Luxembourg Business Registers : la prévention du blanchiment de capitaux à l’épreuve de la protection des données personnelles

Dans son arrêt du 22 novembre 2022, la CJUE déclare illégal l’accès du grand public au registre des bénéficiaires effectifs (RBE), ou propriétaires réels, des entreprises, condition majeure à l’exercice du journalisme d’investigation.

On entend par « bénéficiaire effectif » toute personne qui, en dernier ressort, possède ou contrôle directement ou indirectement une société, ou bien pour laquelle une transaction est exécutée ou une activité réalisée1. Le registre des bénéficiaires effectifs conserve et met à disposition les informations sur les entités immatriculées au registre du commerce et des sociétés2. Celui-ci a pour objectif principal de permettre aux cellules de renseignements financiers (CRF au Luxembourg, équivalent de Tracfin en France) d’obtenir un « accès en temps utile aux informations sur l’identité des titulaires de comptes bancaires et de comptes de paiement [ainsi que] de leurs bénéficiaires effectifs »3, mais également de garantir un accès aux informations qui seraient utiles aux enquêtes sur le blanchiment de capitaux et autres infractions.

Rappelons que l’éclosion des scandales dits LuxLeaks en 20144 et Panama Papers en 20165, qui ont fortement écorné la réputation du Luxembourg6, résultent du travail de lanceurs d’alertes et de journalistes professionnels. Suite à ces scandales financiers, la volonté de transparence, principe également consacré dans le droit de l’Union européenne, a été renforcée et a permis de légitimer le travail du journalisme d’investigation, notamment avec la mise en place du RBE ouvert au public. Grâce à ce registre, en 2021, le scandale OpenLux a démontré l’importance du journalisme qui participe à la mission des autorités publiques quant à la lutte contre le blanchiment de capitaux.
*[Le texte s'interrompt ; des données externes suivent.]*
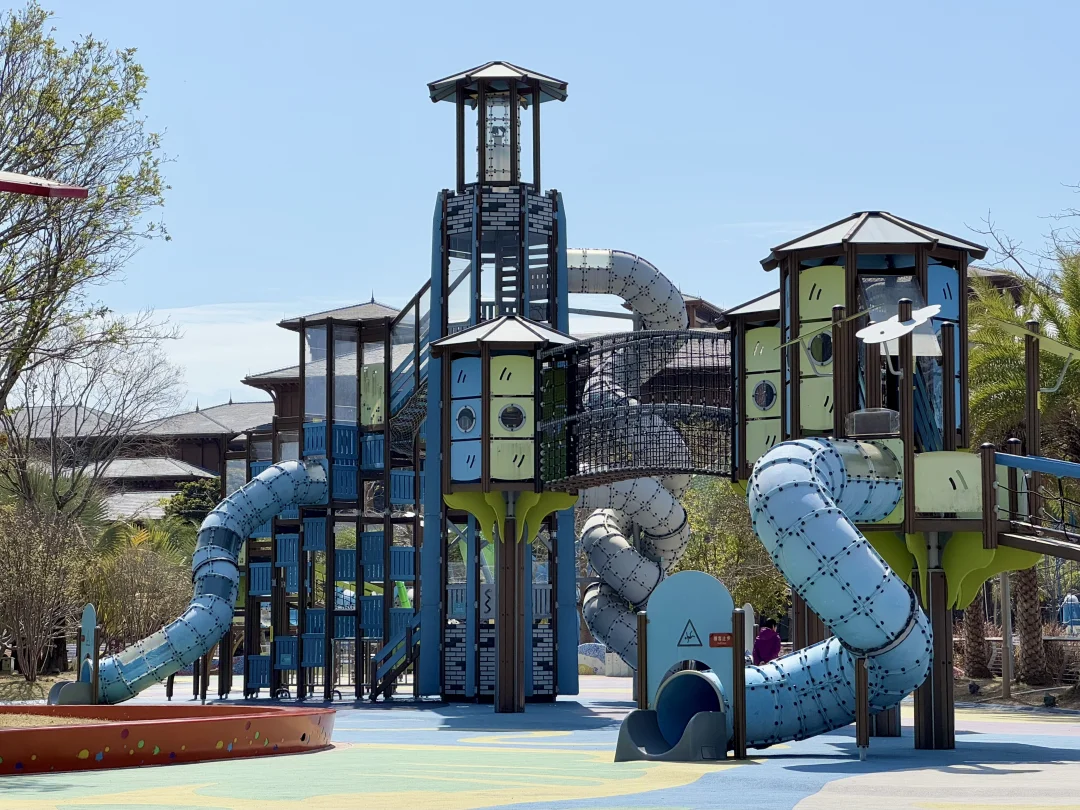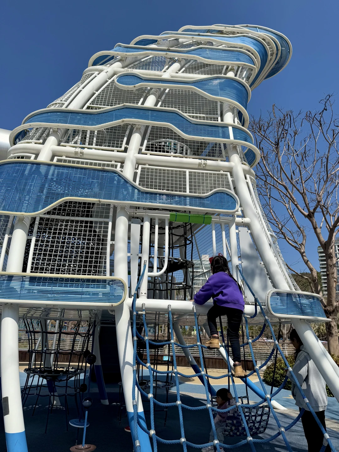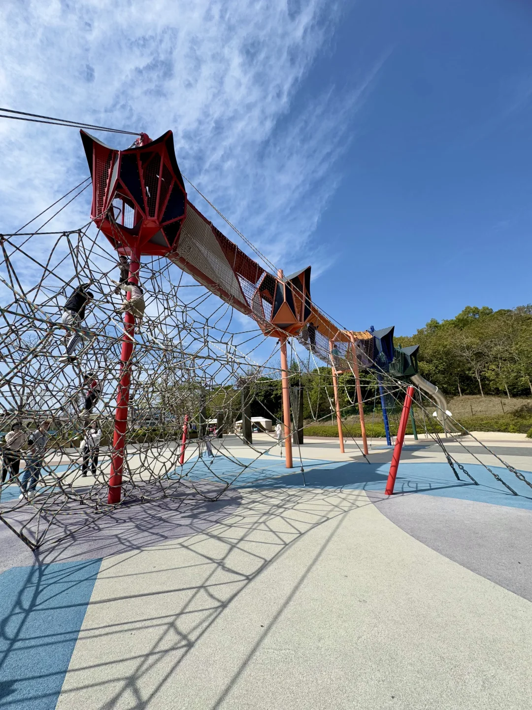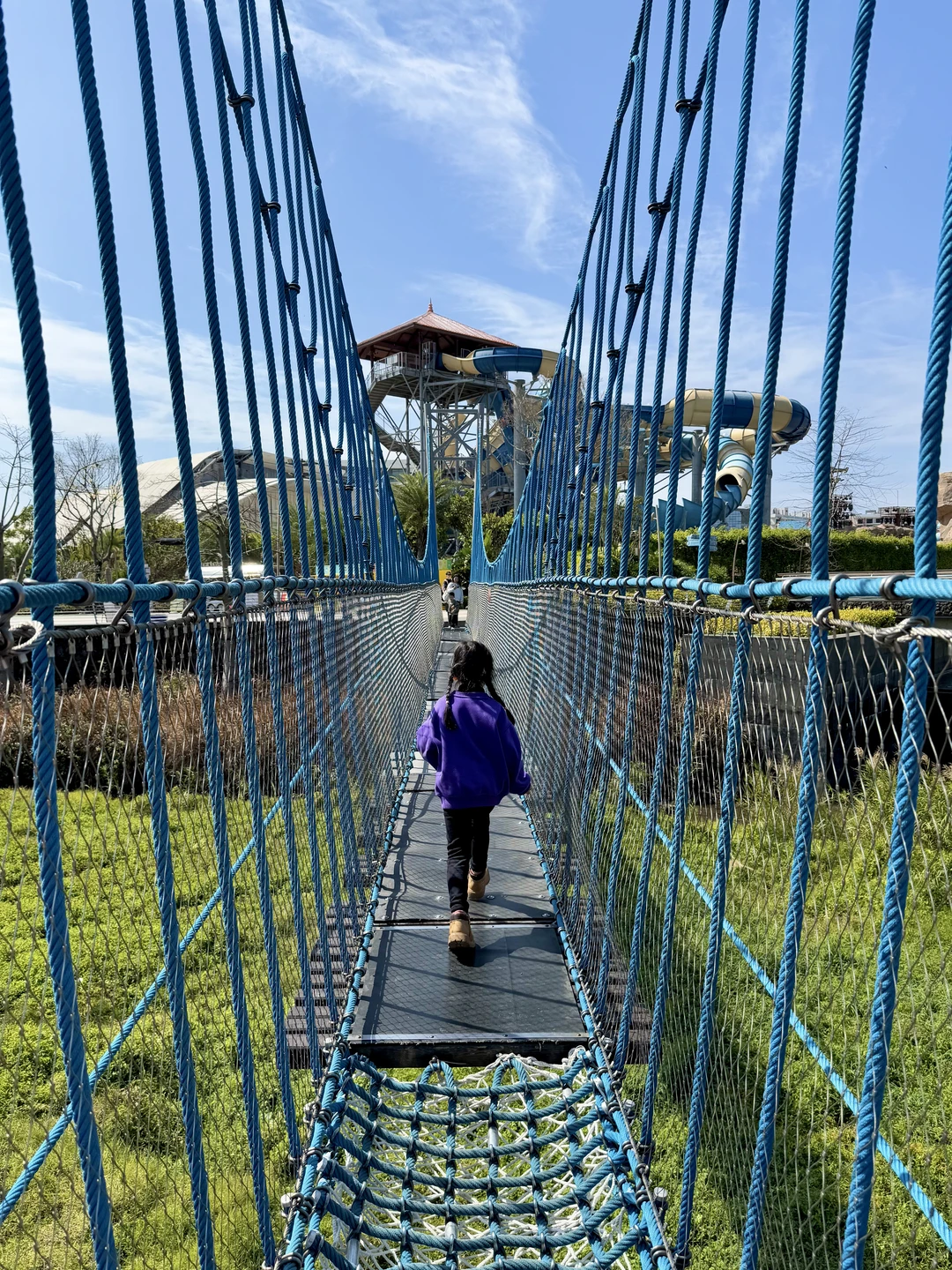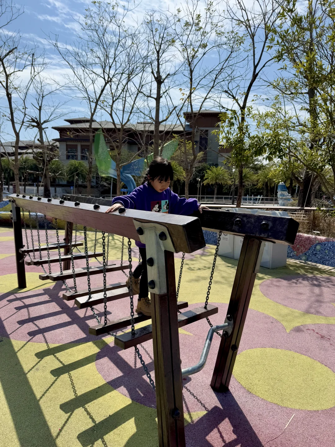 公园里的无动力设施有很多,各种年龄段的攀爬设施和滑滑梯都有,还有秋千、蹦蹦床等等,还有吊桥,拍照也很出片!小朋友放电几个小时没问题!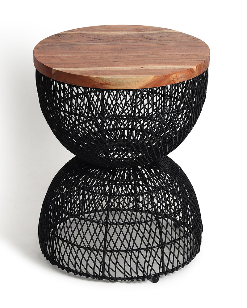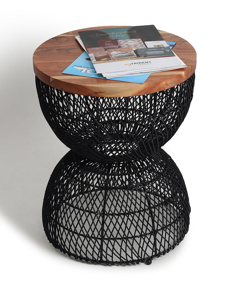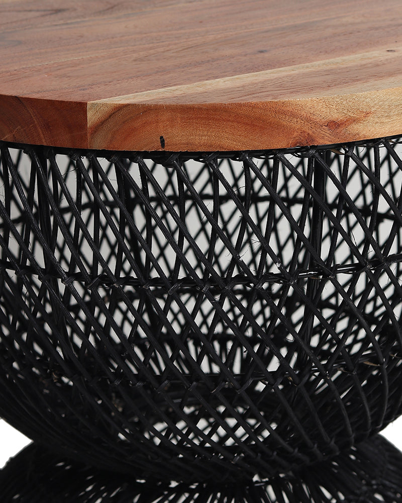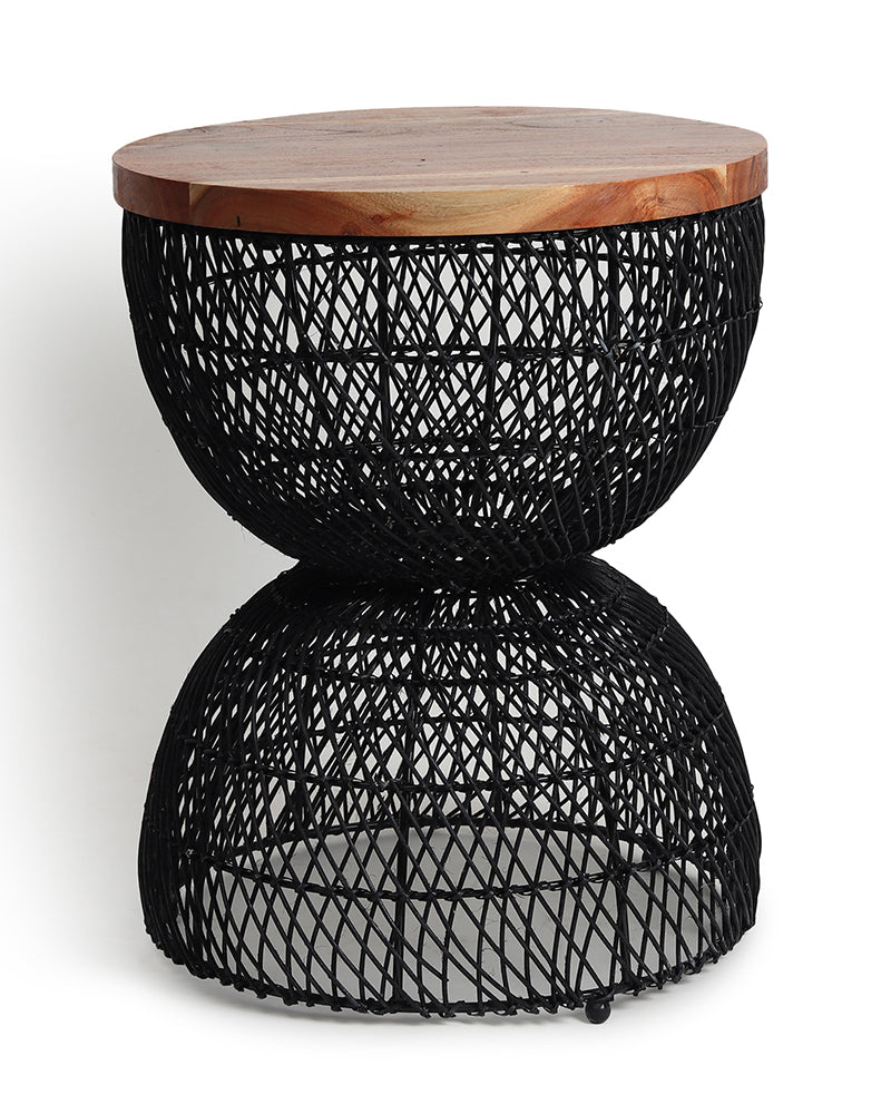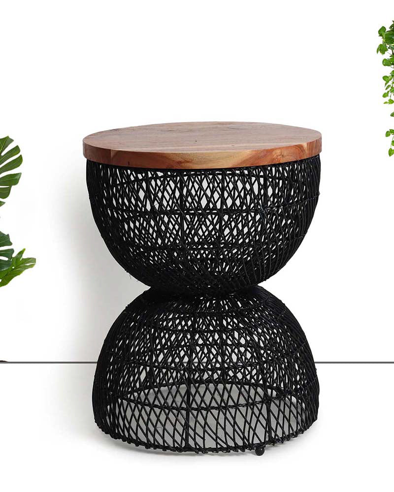Wooden Rattan Stool | Mini Side Stool | Cane Round Table | Stylish Side Table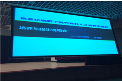 说明会中,肖老师以天河学院信息化历程说明了管理信息化的必然趋势,以刚刚过去的“双十一”网络促销证实了电子商务对企业经营管理的颠覆性改变。在此前提下,建设与招生中的实验班将全面构建最符合社会需求的信息化方向实验班,在现在大三学生中,招收40到50名学生,争取在后续一年半的时间里,深入进行信息化管理、ERP软件、电子商务、自媒体等内容教学与研究;实验班将以阶段性授课为主导,以院内考试与国家职业资格认证结合进行学生成绩评定与考核;学生在实验班中,不仅需要学习相关理论知识,还将通过更深入社会实践或创业完成综合素质的培养与提高;同时,实验班也明确要求学生在经营自有网店同时,应完成规定学习并协助合作方广东民建公司相关网店销售与经营。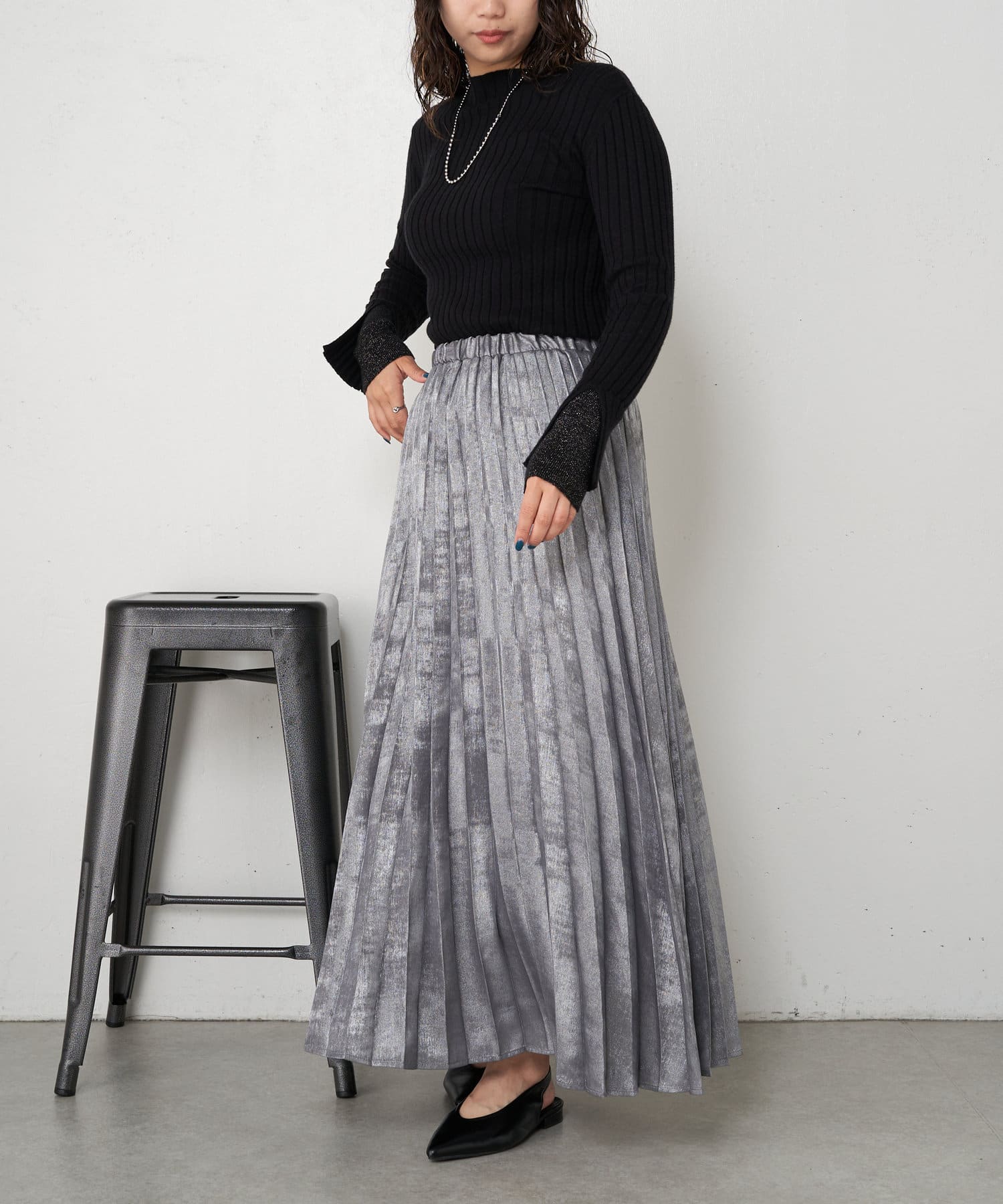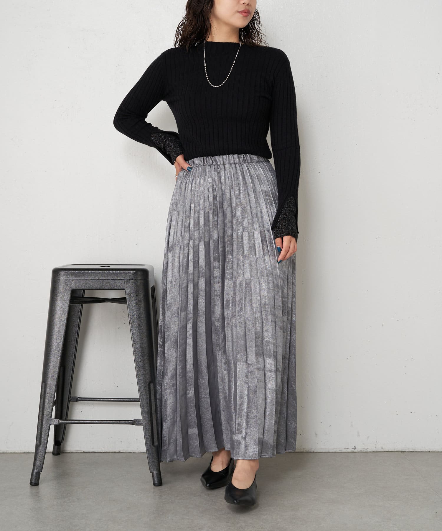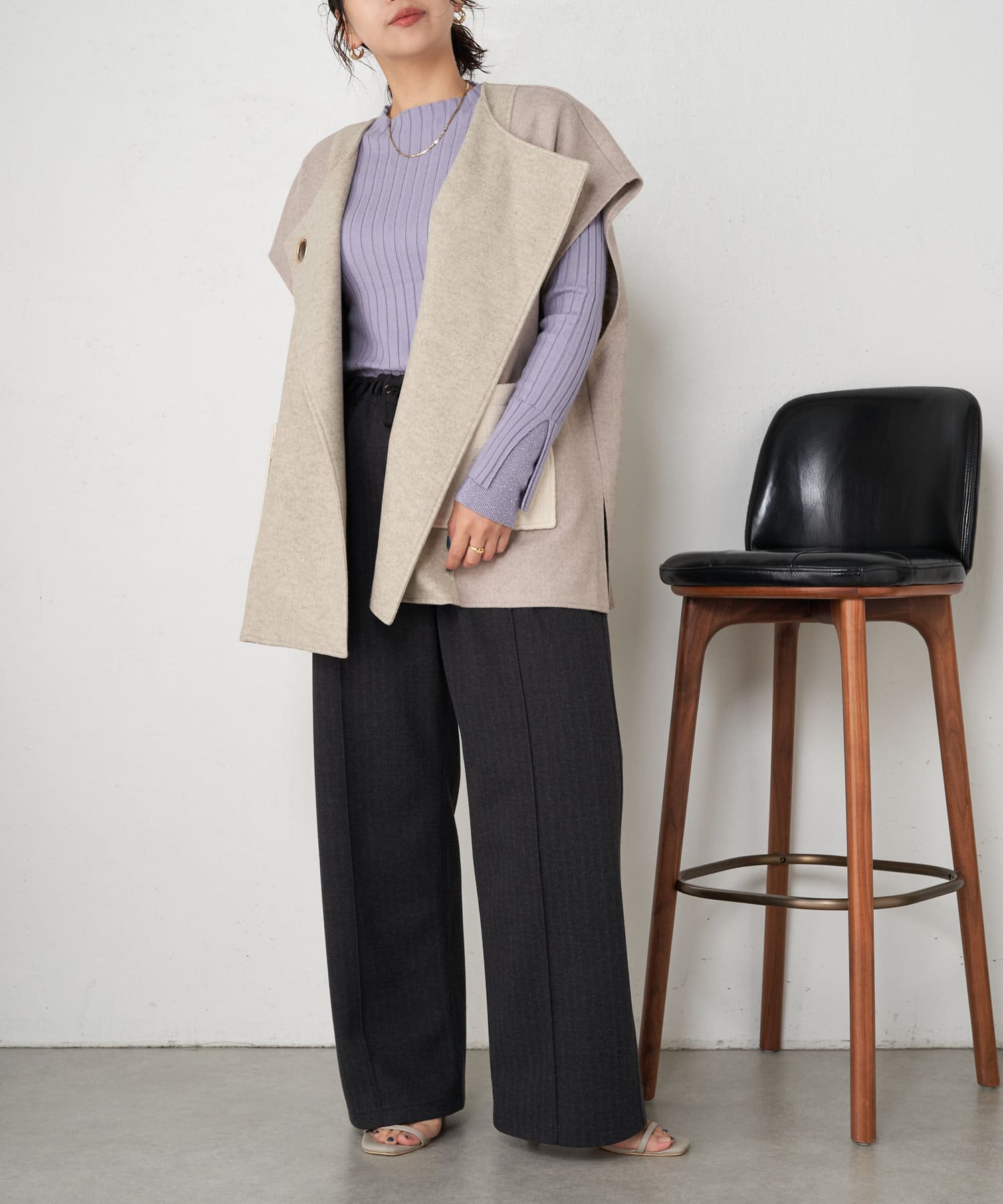 ・とっても柔らかく伸びやかなリブ素材で、編み目がIラインを強調し細見え効果も!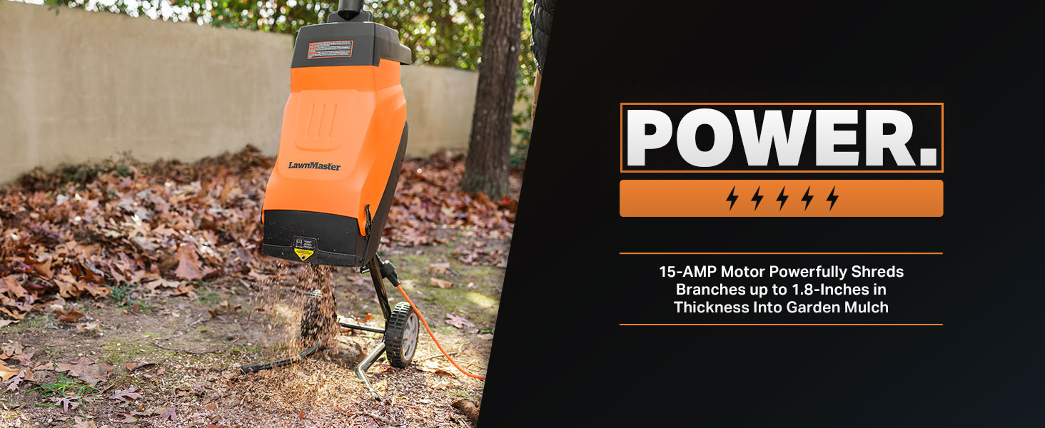- POWERFUL PERFORMANCE: 15-AMP motor shreds branches up to 1.8-inches in thickness into garden mulch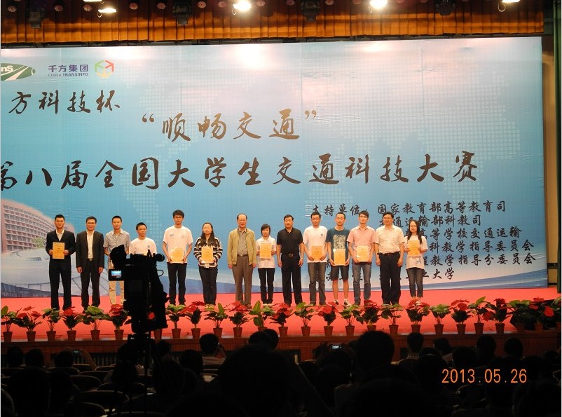 5月25日,千方科技杯;第八届全国大学生交通科技大赛决赛在北京工业大学举行,土木学院交通运输工程系刘有军副教授带队参加了比赛,由交通运输工程系2010级学生王帅、王巍、左康、李波、明小松等同学完成的作品《基于潮汐交通的多功能车道研究》,王凯、袁佳、曾丽榕、靳祥、杜乔等同学完成的作品《基于公交车辆到达顺序检测的公交停靠站设计》获得了三等奖。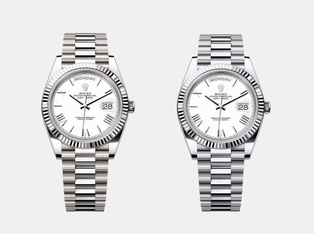 S lijeve strane je Rolex Day-Date od bijelog zlata, prečnika 40 mm, model 228239, čija je maloprodajna cijena 51.600 dolara. S desne strane je Rolex Day-Date od platine, također prečnika 40 mm, model 228236, s maloprodajnom cijenom od 68.800 dolara.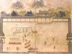 The palace remained in much the same form from Sejong's reign for around a hundred years.[33] Sejong's son Sejo moved out of Gyeongbokgung and preferred Changdeokgung.[34] Gyeongbokgung saw use especially for events and hosting foreign dignitaries.[23] In 1461, the office Suridogam (수리도감; 修理都監) was put in charge of maintainining and restoring the palace.[35] The palace experienced a fire on the 15th day, 12th month of 1467.[36] In the 9th month of 1528, the palace was extensively renovated.[37]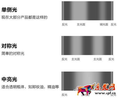 (不同材質(zhì)和瓶身所展現(xiàn)出來的光感不同,畫法也不同,磨砂身的光較為柔和,光滑的瓶身光較硬)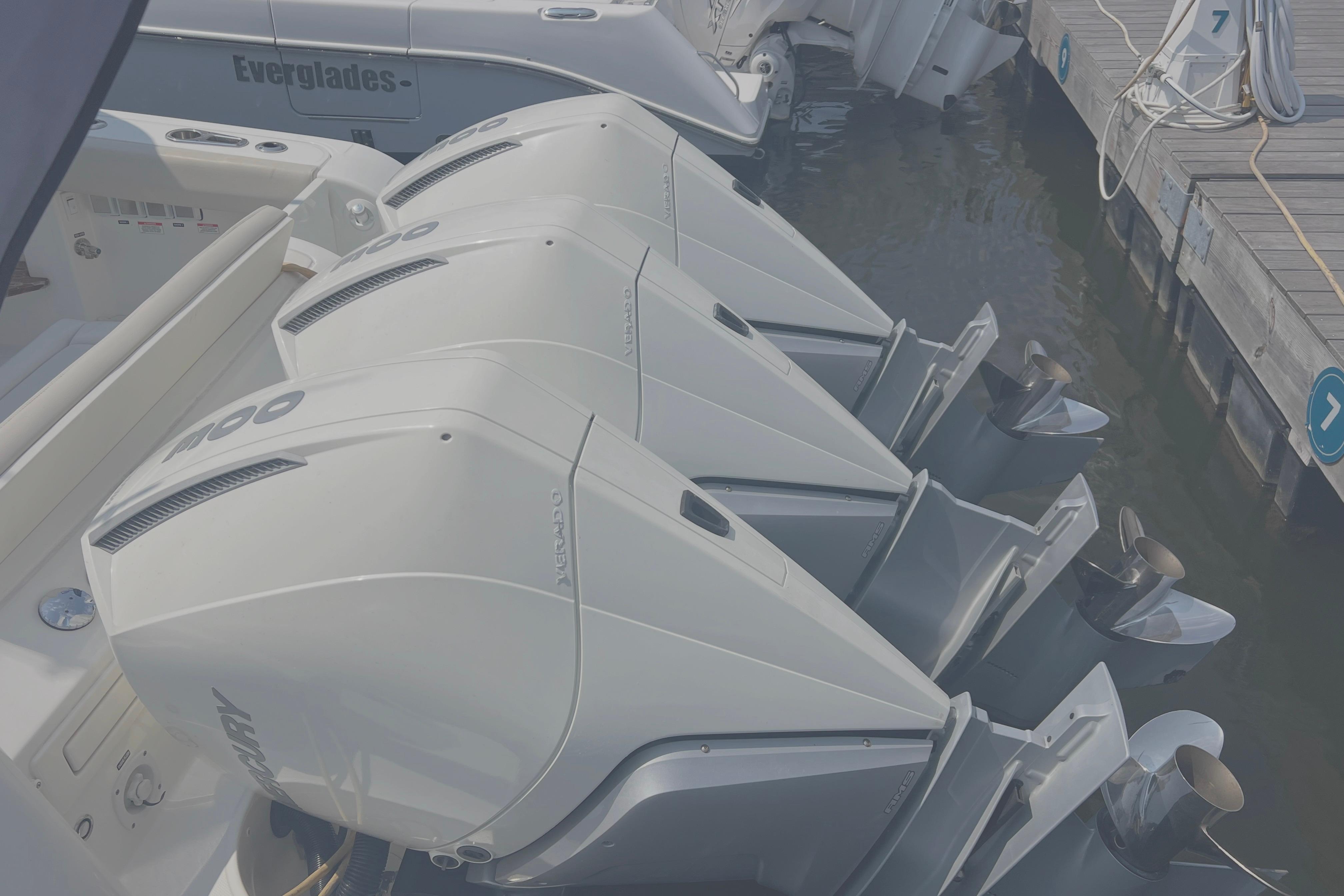 Powered by three robust Mercury V8 DTS Verado outboard engines, each delivering an impressive 300 horsepower, this boat promises exhilarating speed and agility. With only 275 hours of use, it stands ready for new adventures.

Diligentée par le journal Le Monde, cette enquête a fait la lumière, grâce au RBE, sur des arrangements fiscaux entre des sociétés et l’État luxembourgeois. Or, la Cour de justice de l’Union européenne a remis en cause ce mécanisme en restreignant cet accès accordé au grand public. Retour sur une décision désormais fondamentale.

Procédure nationale et renvoi préjudiciel dans l’affaire dite Luxembourg Business Registers (LBR)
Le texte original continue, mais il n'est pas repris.